Марбург - Есин Сергей Николаевич. Страница 21
Вот чего-чего, а любви с первого взгляда у нас с Саломеей не было! Перестрелка глазами, перестрелка руками, работающие с перегревом железы внутренней секреции подавали свои сигналы, тело соприкасалось с телом, уста с устами, мы созванивались, чтобы встретиться, и не больше… Но это всё я – по собственной, мужской модели. Саломея, конечно, организована тоньше и изощреннее. Для меня брак это предприятие с деторождением и удобствами, некий союз, потому что вдвоем по жизни идти и бороться проще и разные глупости в конце концов не отвлекают. Жизнь – борьба, прожить так, как миллионы, а может быть, чуть-чуть поинтереснее.
Я проходил месячные офицерские сборы в военных лагерях под Рыбинском, и надо было угораздить попасть на эти сборы в конце осени. Невероятное захолустье, нищета окрестных деревень, скучный город с двумя или тремя ресторанами, октябрьская, промозглая грязь, лежащая жирным слоем даже на городских тротуарах. Мне еще повезло: во взводе, каким меня поставили командовать, был замечательный сержант сверхсрочник, который лучше целого штаба обучал меня командирским премудростям и прикрывал, когда надо было сорваться из части, чтобы развеяться. О, эти незабываемые пустые дождливые вечера в брезентовой палатке! О, этот непередаваемый вкус местной водки, запечатанной по моде того времени ломким коричневым сургучом и недорогие провинциальные объятья.

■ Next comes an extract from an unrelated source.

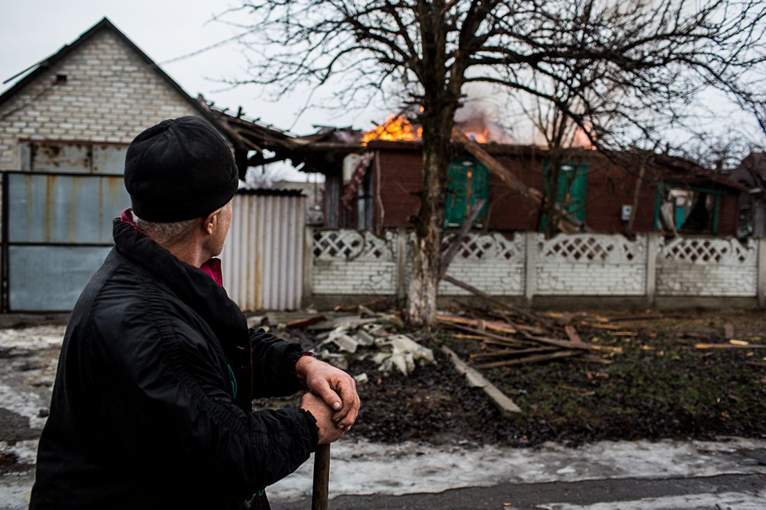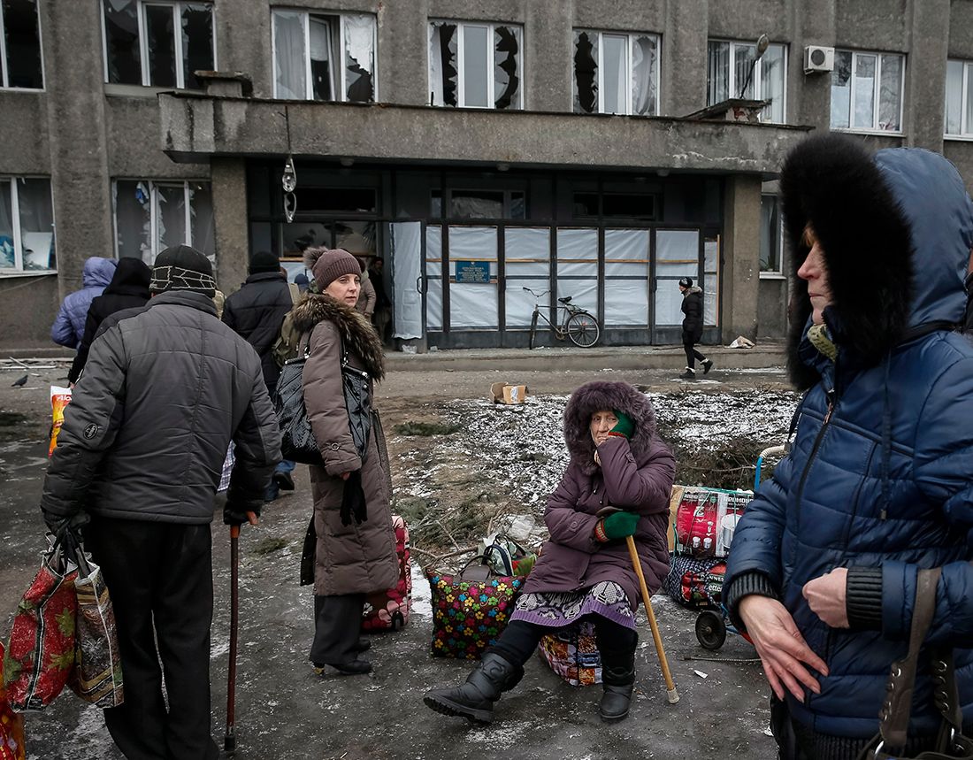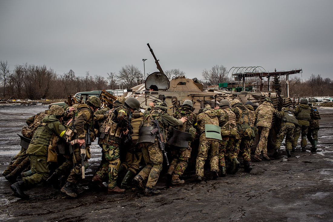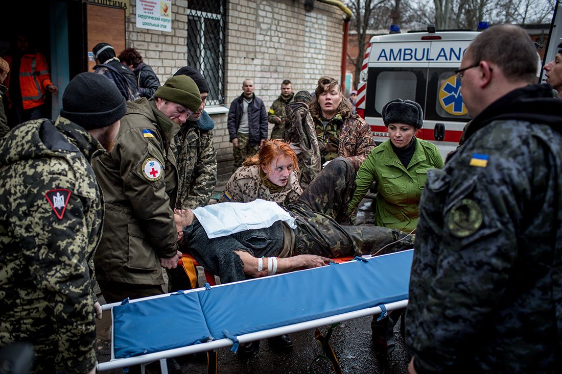 Photo: Petr Shelomovskiy / Demotix / Corbis / All Over Press Destroyed buidling in Debaltseve, 2 February 2015.Photo: Petr Shelomovskiy / Demotix / Corbis / All Over Press Private house in Debaltseve caught fire after shelling. Mobile phone network is down so it’s not possible to call a fire brigade.Photo: Maksim Levin / Reuters / Scanpix Local residents gather inside a bomb shelter in Debaltseve, January 30, 2015.Photo: Sergey Polezhaka / Reuters / Scanpix A woman walks to cook on a fire outside her house, February 3, 2015.Photo: Sergey Polezhaka / Reuters / Scanpix A man walks past the damaged city council building, February 3, 2015.Photo: Petr Shelomovskiy / Demotix / Corbis / All Over Press Locals have to melt snow on open fire as there is no electricity, gas or water. 30 January 2015.Photo: Petr Shelomovskiy / Demotix / Corbis / All Over Press Water is distributed in Debaltsevo Ukraine as locals experience a total blackout and no running water.Photo: Anastasia Vlasova / EPA / LETA Local citizens receive free bread, 30 January 2015.Photo: Petr Shelomovskiy / Demotix / Corbis / All Over Press A group of children and a man await to be evacuated from a pickup point in the disputed town. 31 January 2015.Photo: Manu Brabo / AFP / Scanpix A Ukrainian army soldier holds a Ukrainian kid while evacuating citizens from Debaltseve, February 3, 2015.Photo: Gleb Garanich / Reuters / Scanpix A woman and a child look through a bus window before leaving as people flee the conflict in Debaltseve, February 5, 2015.Photo: Gleb Garanich / Reuters / Scanpix Local residents wait for a bus to flee the conflict, February 5, 2015.Photo: Petr Shelomovskiy / Demotix / Corbis / All Over Press A man jumps on a large lorry carrying evacuees fleeing from the increasing battles between pro-Russian separatists and the Ukrainian army, 31 January 2015.Photo: Manu Brabo / AFP / Scanpix An elderly Ukrainian man is helped by a Ukrainian Army soldier and a citizen during a evacuation of civilians, February 3, 2015.Photo: Anastasia Vlasova / EPA / LETA A local man waits near of the checkpoint with his cattle to pass as he leaves his home, 03 February 2015.Photo: Petr Shelomovskiy / Demotix / Corbis / All Over Press A checkpoint guard greets an Ukrainian Army convoy en route to Debaltsevo, 31 January 2015.Photo: Manu Brabo / AFP / Scanpix A Ukrainian soldier is seen atop of a Ukrainian armored vehicle while resupplying their battalion at the gate of Debaltseve, 3 February, 2015.Photo: Petr Shelomovskiy / Demotix / Corbis / All Over Press Ukrainian soldiers stand by a map of the Donetsk region discussing the tactical situation around Debaltsevo.Photo: Maksim Levin / Reuters / Scanpix Members of the Ukrainian armed forces gather inside a school building in Debaltseve, January 30, 2015.Photo: Petr Shelomovskiy / Demotix / Corbis / All Over Press Ukrainian soldiers try to push-start a broken APC at a military checkpoint.Photo: Petr Shelomovskiy / Demotix / Corbis / All Over Press Medics carry a wounded Ukrainian soldier inside Artemovsk hospital.Photo: Manu Brabo / AFP / Scanpix A Ukrainian soldier stands watch on a road between Debaltseve and the Ukrainian-controlled town of Artemovsk.

Мы довольно лениво переписывались с Саломеей: я потому, что нечем было вечерами и во время дежурств себя занять; она потому, что у женщин всегда какие-то свои тайные цели. Я не говорю о любви, я и сейчас не знаю, какое чувство она тогда испытывала, но в ней всегда жила та божественная воля душевной тяги ко мне, на которую я только откликнулся, чтобы проснуться. И тут как раз мой степенный и педантичный сержант надумал жениться.
Как же основательно делают подобное такие люди! Сколько на окраину Рыбинска, в деревянный, вросший в землю домик его родителей было согнано ближней и дальней родни и знакомых. Гулять так гулять! По обычаю того времени свадьбу совместили с праздником 7-го ноября. Зарезали двухлетнего хряка, нагнали самогона. Получил приглашение на свадьбу и я.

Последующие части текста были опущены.